An obvious takeaway from that experience was that offloading server
load to scalable file servers - potentially backed by a CDN - is a
really good idea. Another takeaway was that Mercurial's wire protocol
wasn't in a good position to support data offload generally.
In wire protocol version 1, there isn't a mechanism in the protocol to
say "grab the data from over here instead." For HTTP, we could teach
the client to follow HTTP redirects. Or we could invent a media type
that encoded redirects inline. But for SSH, we were pretty much out of
luck because that protocol wasn't very flexible.
Wire protocol version 2 offers the opportunity to do something better.
The recent generic server-side content caching layer in the wire
protocol version 2 server demonstrated that it is possible to have
drop-in caching of responses to command requests. This by itself
adds tons of value and already makes the built-in server much more
scalable. But I don't want to stop there.
The existing server-side caching implementation has a big weakness:
it requires the server to send data to the client. This means that
the Mercurial server is potentially sending gigabytes of data to
thousands of clients. This is problematic because compared to scaling
static file servers, scaling dynamic servers is *hard*.

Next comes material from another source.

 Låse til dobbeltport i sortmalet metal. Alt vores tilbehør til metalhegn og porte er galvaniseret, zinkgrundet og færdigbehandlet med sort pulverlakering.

A solution to this is to "offload" serving of content to something
that isn't the Mercurial server. By offloading content serving, you
turn the Mercurial server from a centralized monolithic service to
a distributed mostly-indexing service. Assuming high rates of content
offload, this should drastically reduce the total work performed by
the Mercurial server, both in terms of CPU and data transfer. This
will make Mercurial servers vastly easier to scale.

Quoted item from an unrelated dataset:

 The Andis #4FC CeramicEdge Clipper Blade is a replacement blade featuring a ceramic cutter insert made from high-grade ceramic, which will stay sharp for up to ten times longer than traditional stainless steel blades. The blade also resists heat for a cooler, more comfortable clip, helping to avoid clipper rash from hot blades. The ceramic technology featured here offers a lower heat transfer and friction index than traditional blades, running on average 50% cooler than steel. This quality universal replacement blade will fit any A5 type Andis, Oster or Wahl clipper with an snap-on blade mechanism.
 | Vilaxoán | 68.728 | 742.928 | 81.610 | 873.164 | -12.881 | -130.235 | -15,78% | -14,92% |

This commit defines the semantics for "content redirects" in wire
protocol version 2. Essentially:
* Servers advertise the set of locations a response could be served
from.
* When making requests, clients advertise the set of locations they
are willing to fetch content from.
* Servers can then replace the inline response with one that says
"get the response from over here instead."
This feature - when fully implemented - will allow extending the
server-side caching layer to facilitate such things as integrating
your server-side cache with a scalable blob store (such as S3 or
a CDN) and offloading most data transfer to that external service.
This feature could also be leveraged for load balancing. e.g.
requests could come into a central server and then get redirected
to an available mirror depending on server availability or locality.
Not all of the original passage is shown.